Pequenos detalhes e a poesia perdida - Do papel para o mundo

1 de dezembro de 2017

Pequenos detalhes e a poesia perdida

Hoje foi um daqueles dias cansativos, do tipo que quando ainda nem está na metade já se quer o fim. Bate uma saudade inesperada da cama, que está lá, no mesmo lugar todos os dias, mas hoje ela parece especial. Você já se sentiu deslocado? Bem, é o que acontece quando se vai a determinado lugar pela primeira vez, no qual a simples atmosfera não te agrada, e você nem sabe por que está indo, mas vai. 

Talvez você queira saber onde fui, então sem rodeios, direi: passei o dia num zoológico. Eu tenho 20 anos, e foi a primeira vez que fui. Nunca tive muita afeição por animais. Não que eu não os ache fofinhos, mas prefiro ver a fauna na calçada do meu vizinho, ou então nos filmes do que passar minutos consideráveis em uma fila enorme de um dia ensolarado para ver bichinhos. Ah, é importante citar: após encarar um engarrafamento que facilmente daria pra comparar a uma corrida de tartarugas. 

Preciso dizer que não embarquei nessa aventura sozinha. Fui acompanhada da família, que é pra definir bem o retrato de fim de semana clichê. Andamos em volta da natureza, tiramos fotos, lanchamos juntos e se assustamos juntos com a tabela de preços da praça de alimentação. Onde já se viu, uma paçoca a 2 reais! Ainda bem que existe um negócio chamado cartão, que inibe, temporariamente, a dor do assalto consentido. 

Mas prossigamos, não foi de todo ruim.
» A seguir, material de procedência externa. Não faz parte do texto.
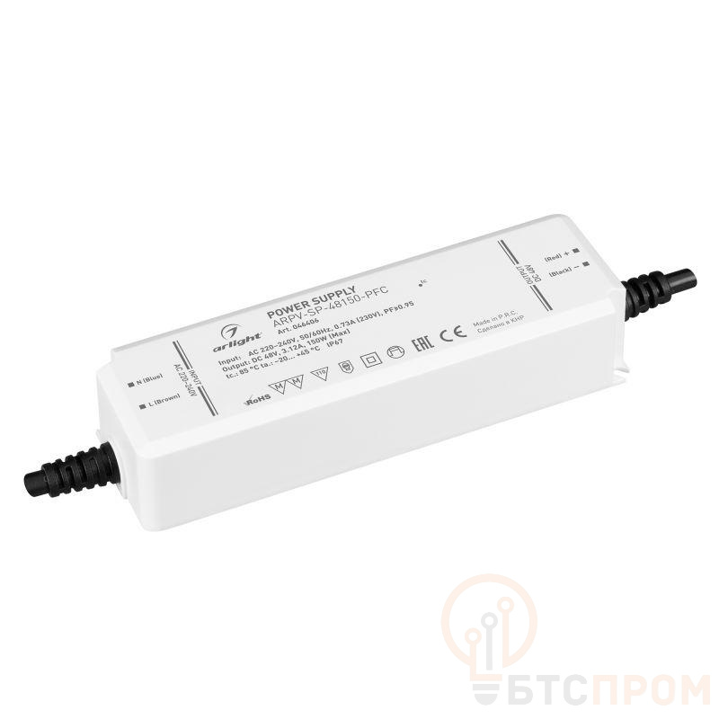 Источник напряжения с гальванической развязкой для светодиодных изделий. Входное напряжение 220-240 VAC. Выходные параметры: 48 В, 3,12 А, 150Вт. Встроенный PFC >0.95. Герметичный пластиковый корпус IP 67. Рабочая температура -20…+45C?. Габаритные размеры длина 156 мм, ширина 48 мм, высота 33 мм. Гарантийный срок 5 лет.

Na mesma mesa em que me sentei para comer conheci pequenas pessoas muito interessantes, que me despertaram o primeiro sorriso sincero do dia. Eram crianças e estavam acompanhadas da tia, muito simpática, enquanto a mãe das gêmeas Bárbara (cujo nome é o mesmo que o meu e me chamou atenção) e Laura comprava água para suportar o dia quente. Também não posso esquecer do menino Pedro, dono de olhos azuis muito bonitos, que era primo das meninas e se empenhava em devorar seu pacote de biscoito de polvilho. O trio não devia passar dos cinco anos de idade e conversavam de forma tão harmoniosa que não aguentei disfarçar meu interesse em ouvir e admirar aqueles olhinhos tão sinceros. 
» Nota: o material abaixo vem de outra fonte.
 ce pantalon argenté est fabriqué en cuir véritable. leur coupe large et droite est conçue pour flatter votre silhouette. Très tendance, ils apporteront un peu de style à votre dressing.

Posso dizer que aquele foi um dos poucos momentos agradáveis do meu dia. Do dia de alguém que não estava nem um pouco sedento por apreciar animais, que não queria nem ter saído de casa, que só queria um livro e acesso à internet. Foram minutos em que meus olhos e ouvidos fizeram além da função de ver e ouvir somente o que se dizia respeito a mim e ao meu espaço, para me atentar a pessoas que jamais cruzei na rua. Num mundo em que somos todos atores, é bom se pegar desprevenido, sorrindo espontaneamente com histórias que não são nossas, mas que cabem na gente.
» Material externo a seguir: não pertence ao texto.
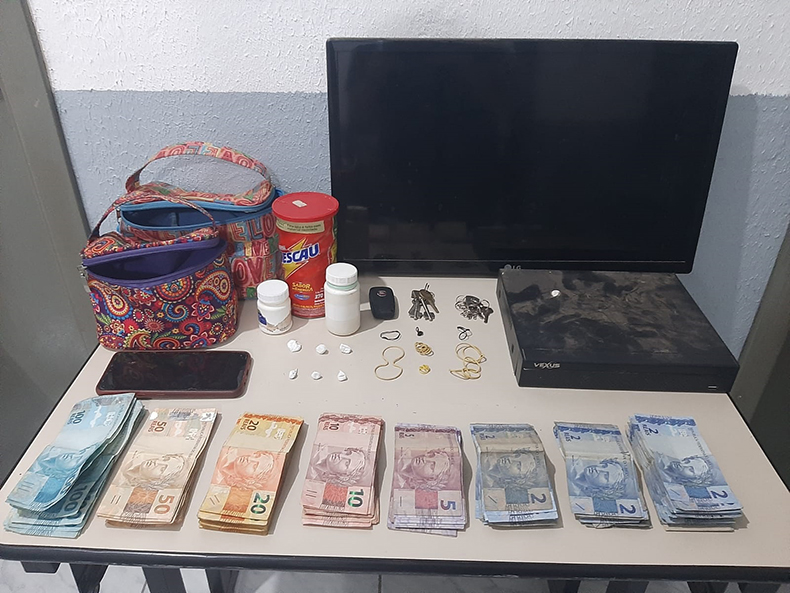 Ao chegar no local, os policiais visualizaram uma entrega de drogas e, ao realizar abordagem, localizaram entre as mercadorias uma lata vazia com seis buchas de cocaína dentro. Além das drogas, foram apreendidos R$ 3.360,00 em dinheiro, um celular, uma televisão e um monitor. Conforme a Brigada Militar, o estabelecimento tinha câmeras para monitorar a chegada dos policiais. A mulher foi encaminhada para registro na delegacia.

No fim, sou capaz de dizer que fiz uma limonada com as rodelas desse dia, cheio de momentos em que tudo que eu queria era me transportar pra outro lugar. Porém, também foi um dia para se refletir e avistar a poesia dos detalhes, quase sempre perdida na rotina, mas que merece um pouco mais do nosso tempo. Que tal olhar em volta e ver o que te cerca? Não dentro do seu metro quadrado, mas além de um ideal construído que transforma todos nós em robôs, quando somos muito mais do que isso. É possível enxergar singularidade e beleza até mesmo em faces desconhecidas.